In Hancock v. City of Monroe, an unpublished opinion decided on November 19, 2019, the Court of Appeals considered whether a commercial tenant’s right to appeal a zoning notice of violation – an “NOV” – had run, where the landlord, alone, received the notice of violation.

Petitioners (the Hancocks and their LLC) leased property to operate a business.  While Petitioners operated their business, in January 2017, the City’s zoning enforcement officer sent to the landlord, with a copy to Petitioner LLC, an NOV that the business was an “electronic gaming operation” in violation of the City’s code.  The Petitioners and the landlord’s real estate agent discussed the NOV, and the Petitioners resolved to address the NOV through a zoning amendment.  Petitioners’ zoning amendment was denied in December 2017.

In December 2017 and January 2018, the City cited the Landlord (with a copy to the Petitioners) for failure to cure the basis for the NOV.  More than one year after the NOV was issued, in February 2018, Petitioners appealed the NOV to the City’s Board of Adjustment.  The Board dismissed Petitioners’ appeal as untimely, because the City’s ordinance required the appeal “within 10 days from the service date of the notice of violation as indicated on the affidavit of service”; of course, Petitioners’ appeal was filed well beyond that ten (10) day window.  The Superior Court affirmed the Board’s dismissal of Petitioners’ appeal of the NOV.
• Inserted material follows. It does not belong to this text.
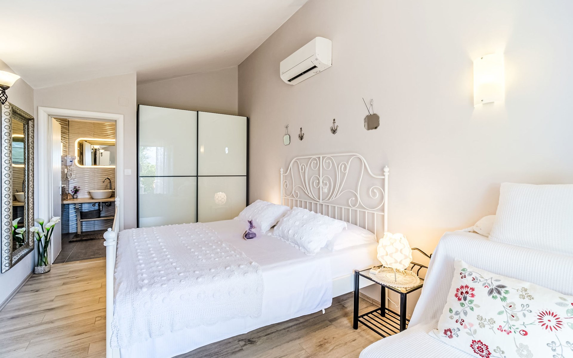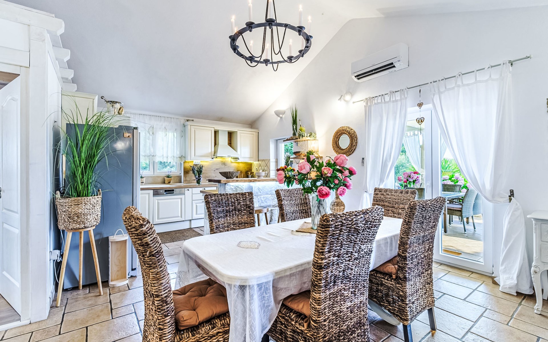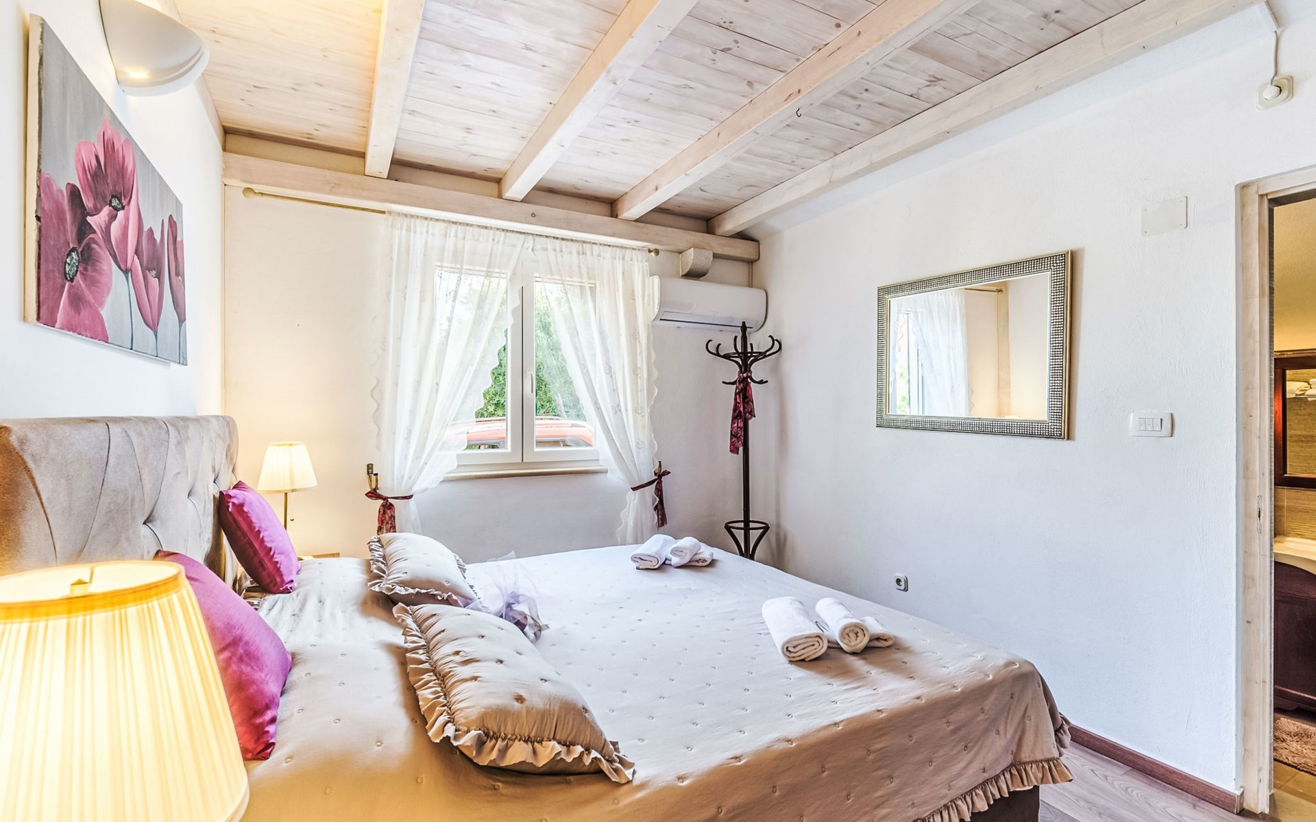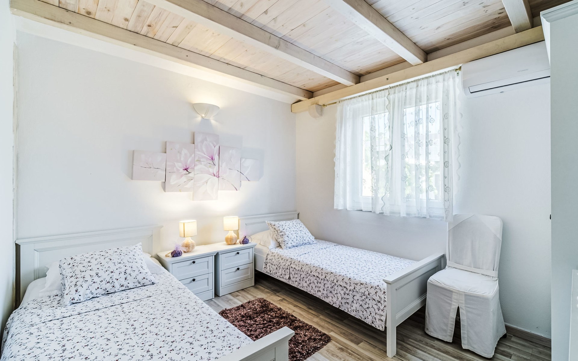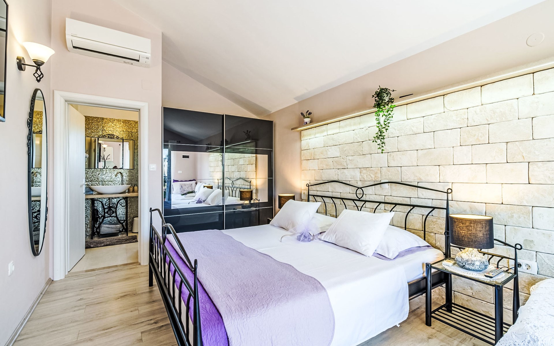 Mirca: Single-family house "Villa Mutnik". 2.4 km from the centre of Supetar, in a secluded, quiet, sunny position, at the seaside, on the beach. Private: property 1'500 m2 (fenced), garden with wildlife garden, swimming pool angular, heated (10 x 4 m, depth 150 cm, seasonal availability: 01.Apr. - 15.Nov.) with internal staircase. Outdoor shower, hot tub, terrace (100 m2), barbecue (swing, sandbox). In the house: internet access, trampoline, washing machine. Available: bicycles (6). Motor access to the house (500 m via unmade road). Parking at the house on the premises. Shop 1.2 km, restaurant 1.6 km, bus stop 4.2 km, pebble beach 20 m. The unit consists of the small, separate house and the main house rented as one unit. 1 SUP board for use in house.

At the Court of Appeals, Petitioners argued again that their appeal was not untimely because (1) the City’s ordinance required that, for a zoning violation, the City “must ‘send a written notice to the person responsible for such violation, indicating the nature of the violation and ordering the action necessary to correct it[,]’ and ‘[a]dditional written notices may be sent at the Administrator’s discretion.’”, (2)the City’s ordinance states that “’[t]he owner. . . of any building or land or part thereof . . . may be held responsible for’ a violation”, and the landlord is the owner, and therefore (3) the landlord is “’the ‘violator[s]’ within the meaning of Section 10.19 [of the City’s code] with respect to the violation’”.  The Court of Appeals wouldn’t buy Petitioners’ argument that it, as tenant, had its appeal right tolled because the landlord, alone, received formal notice of the NOV.

At this point, you’re probably asking yourself: but, Petitioners received a courtesy copy of the NOV, so why are we discussing this?  And that question is fair.  The Court of Appeals saw fit to address the technical argument, rather than wade into the waters of “yeah, but Petitioners knew about it”.

Pay attention to notices of zoning violations, pay attention to deadlines, and, tenants, take care to monitor (whether with lease provisions, and/or with communication with your landlord) governmental notices regarding your premises.